格付けの結果、牛肉にはA5、A4、B5のような等級が与えられます。アルファベットは歩留等級(ぶどまり)、数字は肉質等級と呼ばれます。
なお牛肉の格付けは基本的に見た目の評価であり、味を直接評価する項目はありません。
歩留等級とは
歩留等級は、枝肉から商品となるお肉がどれだけ取れるのかを評価する等級で、A、B、Cの3等級があります。Aが最も高いです。
等級の意味は、それぞれ以下のとおりです。
- A:歩留基準値が72以上
- B:歩留基準値が69〜72未満
- C:歩留基準値が69未満
具体的には、枝肉(えだにく)から第6~第7肋骨間のロースやバラ面積を見て、商品となる部分肉(ぶぶんにく)がどれだけ取れるかを計算します。
なお、この数字は「枝肉全体に占める商品となるお肉の割合」ではないので、ご注意ください。
肉質等級とは
肉質等級は、お肉や脂肪の色沢・質などを見て評価する等級で、1から5の5等級があります。

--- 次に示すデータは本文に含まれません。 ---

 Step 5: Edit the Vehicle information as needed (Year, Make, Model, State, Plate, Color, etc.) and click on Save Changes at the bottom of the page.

5が最も高いです。
肉質等級は、以下の4つの項目から決定されます。
- 脂肪交雑(B.M.S.)
- 脂肪の色沢と質(B.F.S.)
- お肉の締まりときめ
- お肉の色沢(B.C.S.)
脂肪交雑は、B.M.S.という基準にもとづいて判定します。脂肪(サシ・霜降り)が多くかつ細かいほど等級が高くなります。

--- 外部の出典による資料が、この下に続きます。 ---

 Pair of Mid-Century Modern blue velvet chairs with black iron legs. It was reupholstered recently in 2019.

脂肪の色沢と質は、B.F.S.という基準にもとづいて判定します。皮下脂肪・筋間脂肪などを目で見て判断します。
お肉の締まりときめは、締まりが良く、きめが細かいお肉ほど、等級が高くなります。どちらも目視で確認します。
お肉の色沢は、B.C.S.という基準にもとづいて判定します。お肉の色が淡すぎず、濃すぎないほど、等級が高くなります。
肉質等級は、最も等級が低い項目のものが採用される。
肉質等級は、まず上記4項目をそれぞれの基準にもとづいて判定し、1から5の等級を決定します。そしてこのうち最も低い項目の等級を、この枝肉の最終的な肉質等級として採用します。
たとえば、次のような2種類の枝肉があるとします。
枝肉A | 枝肉B | |
脂肪交雑 | 5 | 3 |
脂肪の色沢と質 | 5 | 5 |
お肉の締まりときめ | 5 | 5 |
お肉の色沢 | 5 | 5 |
この場合、枝肉Aの最終的な格付けは「5」、枝肉Bの最終的な格付けは「3」となります。そのため、脂肪の少ない品種(褐毛和種や日本短角種など)は、等級が低くなる傾向にあります。